The unleash.threshold.efficacy and unleash.threshold.mutant-coverage keys cause gremlins to exit nonzero when the run falls below the configured percentages — wire this into your PR check.

Integration with Other Skills

`test-refine`

The test-refine skill consumes gremlins JSON to identify weak-assertion zones (smell S12: mutation-survivor). When invoked with --use-mutations, it calls unleash.sh and cross-references LIVED mutants with the AST smell scan.

`test-forge`

After test-forge generates tests, run mutation testing to validate them. LIVED mutants are direct evidence of weak assertions in the generated tests.

`code-review`

Include the test_efficacy delta in PR review — regression of >5% in covered code is a strong signal of weakening test quality.

Interpreting Results

High efficacy (≥90%): Tests have strong assertions. Focus remaining work on NOT COVERED mutants (uncovered code paths).

Medium (75–90%): Tests cover main paths. Survivors usually indicate boundary or error-path gaps.

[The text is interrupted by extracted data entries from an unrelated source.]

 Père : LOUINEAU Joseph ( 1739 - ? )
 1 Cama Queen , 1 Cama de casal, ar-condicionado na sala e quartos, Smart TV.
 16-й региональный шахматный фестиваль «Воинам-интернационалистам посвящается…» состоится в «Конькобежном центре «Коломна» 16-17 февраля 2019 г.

Low (<75%): Significant gaps — tests likely run code without checking outputs. Pair with test-refine to identify the specific smells.

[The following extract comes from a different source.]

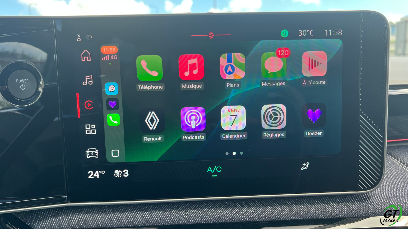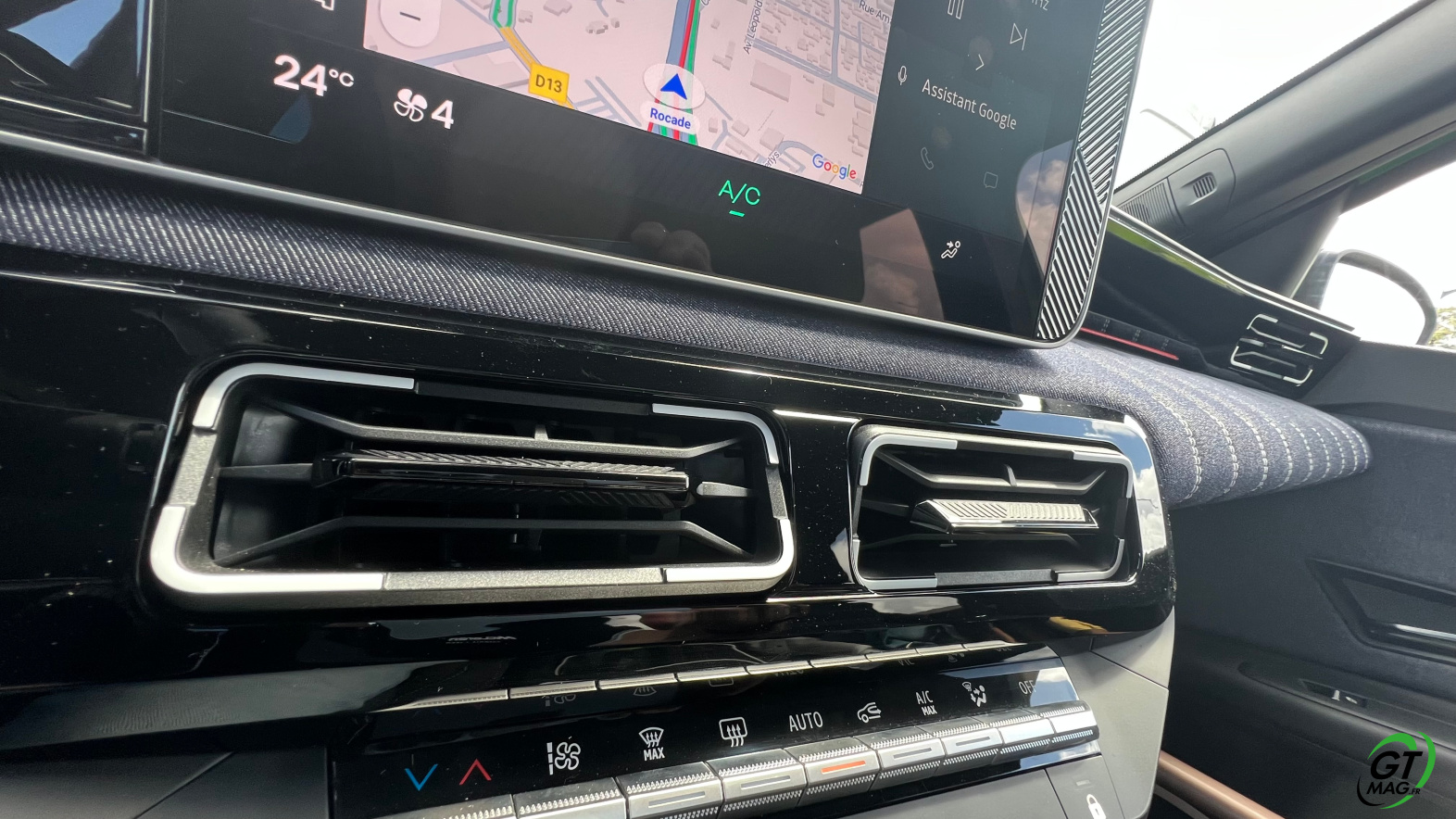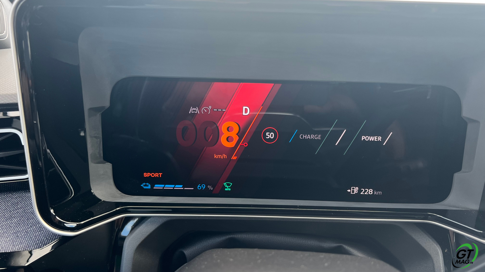A l’intérieur Renault réussi à mêler des impressions ’Vintages’ et l’hyper technologie avancée selon notre époque sur sa R5… Côté infotainment, on retrouve Android Automotive, toujours aussi fluide et intuitif, ainsi que tous les services Google. Maps est donc de la partie aux côtés d’une cinquantaine d’applications ainsi que de l’assistant vocal « Reno » lui-même lié à ChatGPT, vous pourrez alors lui poser toutes les questions qui vous passent par la tête ! Le compteur digital de 10″, tout comme l’écran central, propose quant à lui différents affichages personnalisables dont un avec le GPS au centre.

Mutator breakdown tells you the kind of weakness:

conditionals-boundary LIVED → missing edge tests at thresholds.
invert-logical LIVED → missing truth-table coverage for &&/||.
arithmetic-base LIVED → tests don't verify calculation results.
remove-self-assignments LIVED → state mutations not asserted.

Equivalent Mutants

Some LIVED mutants are semantically equivalent to the original — no test could kill them. Common cases:

Mutated value immediately overwritten before being read.
Mutation in unreachable code.
Operator swap in associative/commutative context with no observable difference.

When you identify an equivalent mutant, document it (e.g., a comment near the mutation site, or a project-level EQUIVALENT_MUTANTS.md) so reviewers don't waste time on it. Gremlins doesn't filter equivalents automatically.

Gremlins Limitations

From the upstream README: gremlins targets smallish Go modules (microservices). On very large modules, runs can take hours. Mitigations:

Per-package runs via --pkg ./internal/wallet. Don't pass ./... on a 500k-LOC monorepo.
Skip generated code by using build tags or running on hand-written packages only.
Use --workers to bound parallelism if memory is tight.
Use --dry-run first to preview the mutation count and skip if it's too large.